Task directions: Once you find the line with "The award winning" in the listing below, set down exactly every line from it through the line with "Leírás: Bordó kristály", but no pictures.

Source data:
○ ○ ○ ○
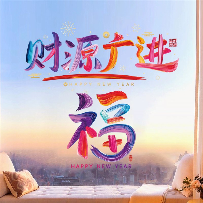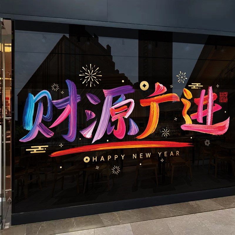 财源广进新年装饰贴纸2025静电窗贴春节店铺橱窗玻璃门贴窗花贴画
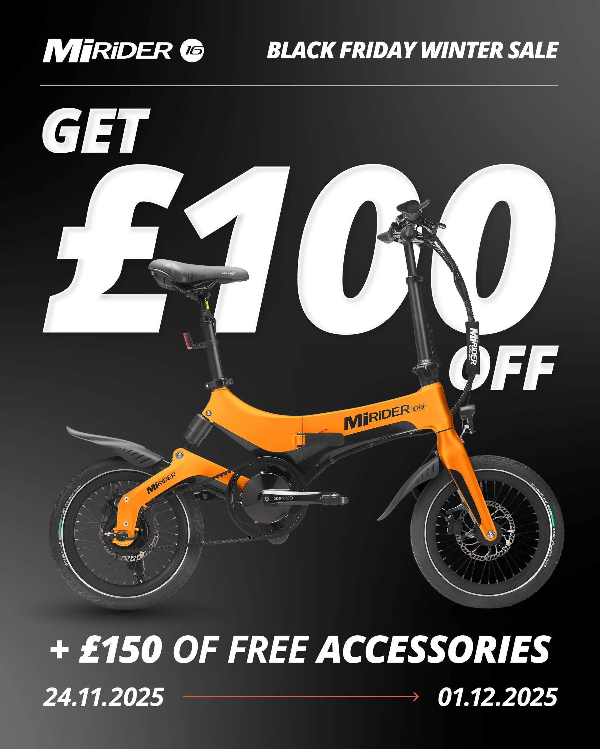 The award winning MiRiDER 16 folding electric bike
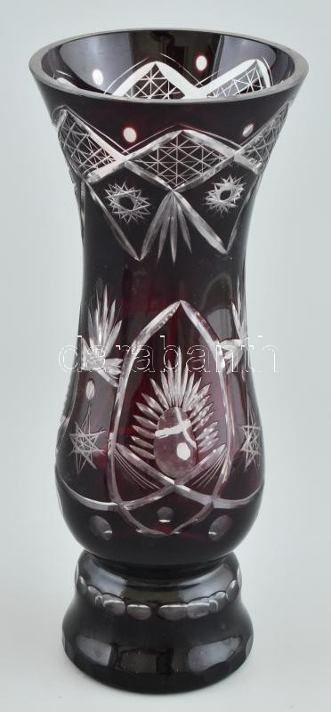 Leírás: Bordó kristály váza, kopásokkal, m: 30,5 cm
○ ○ ○ ○
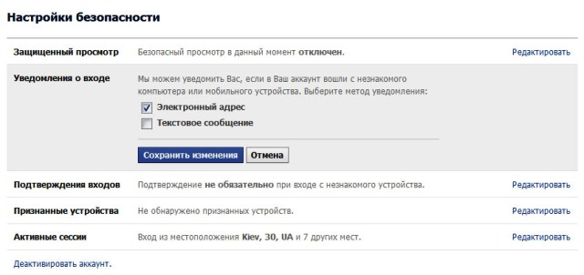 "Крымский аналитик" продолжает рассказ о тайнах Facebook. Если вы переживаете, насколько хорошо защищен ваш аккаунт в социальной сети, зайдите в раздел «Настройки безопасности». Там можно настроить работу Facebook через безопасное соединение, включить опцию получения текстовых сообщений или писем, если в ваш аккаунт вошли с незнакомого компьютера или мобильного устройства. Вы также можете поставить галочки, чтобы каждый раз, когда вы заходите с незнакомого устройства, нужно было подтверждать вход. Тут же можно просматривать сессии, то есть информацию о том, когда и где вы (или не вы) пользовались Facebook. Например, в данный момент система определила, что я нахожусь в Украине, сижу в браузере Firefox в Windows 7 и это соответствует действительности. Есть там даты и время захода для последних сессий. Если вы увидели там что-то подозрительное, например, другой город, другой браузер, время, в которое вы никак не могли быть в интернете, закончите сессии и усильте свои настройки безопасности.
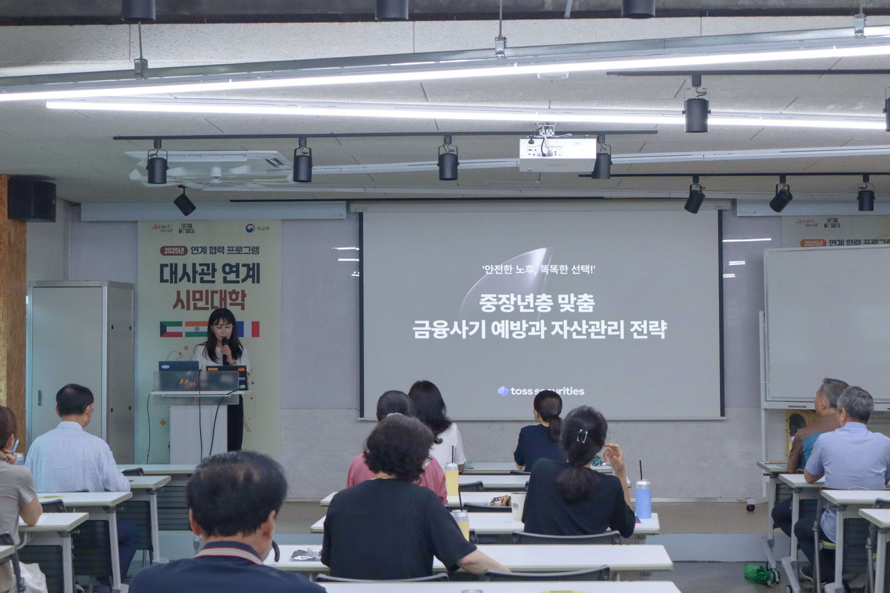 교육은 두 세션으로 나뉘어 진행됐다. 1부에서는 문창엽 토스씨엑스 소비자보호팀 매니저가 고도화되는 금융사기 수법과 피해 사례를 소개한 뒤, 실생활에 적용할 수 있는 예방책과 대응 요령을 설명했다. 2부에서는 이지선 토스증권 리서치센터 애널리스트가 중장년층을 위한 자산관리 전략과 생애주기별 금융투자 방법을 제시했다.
○ ○ ○ ○
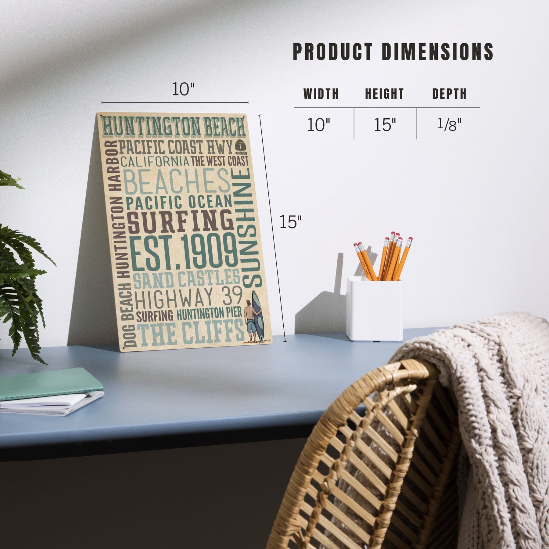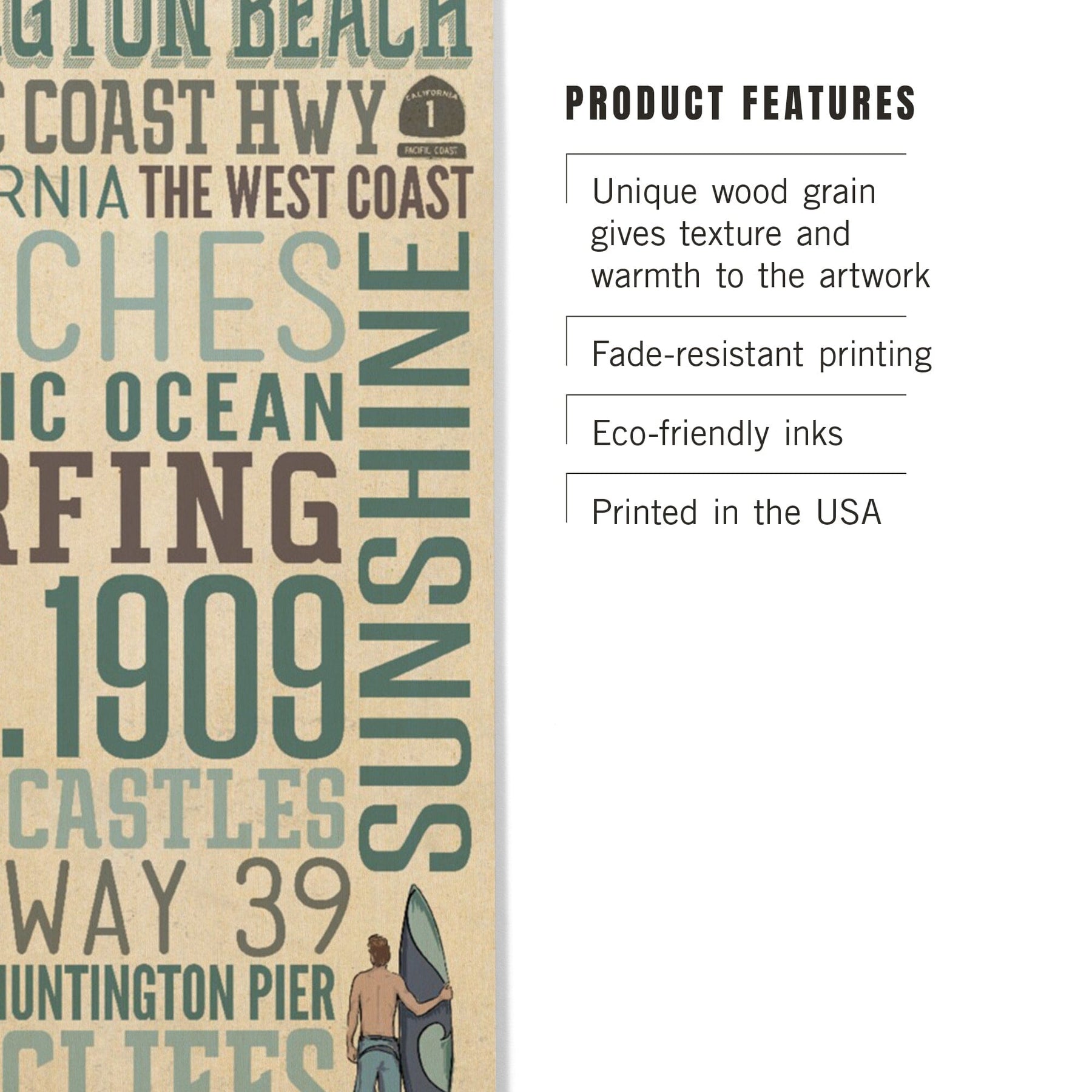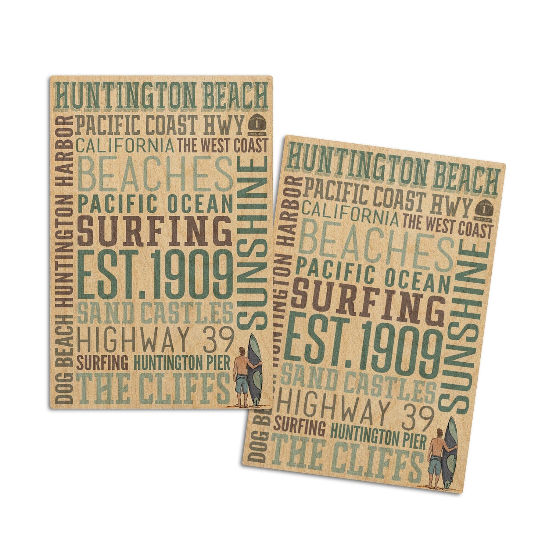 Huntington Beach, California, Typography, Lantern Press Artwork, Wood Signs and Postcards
○ ○ ○ ○
Written response:
 The award winning MiRiDER 16 folding electric bike
 Leírás: Bordó kristály váza, kopásokkal, m: 30,5 cm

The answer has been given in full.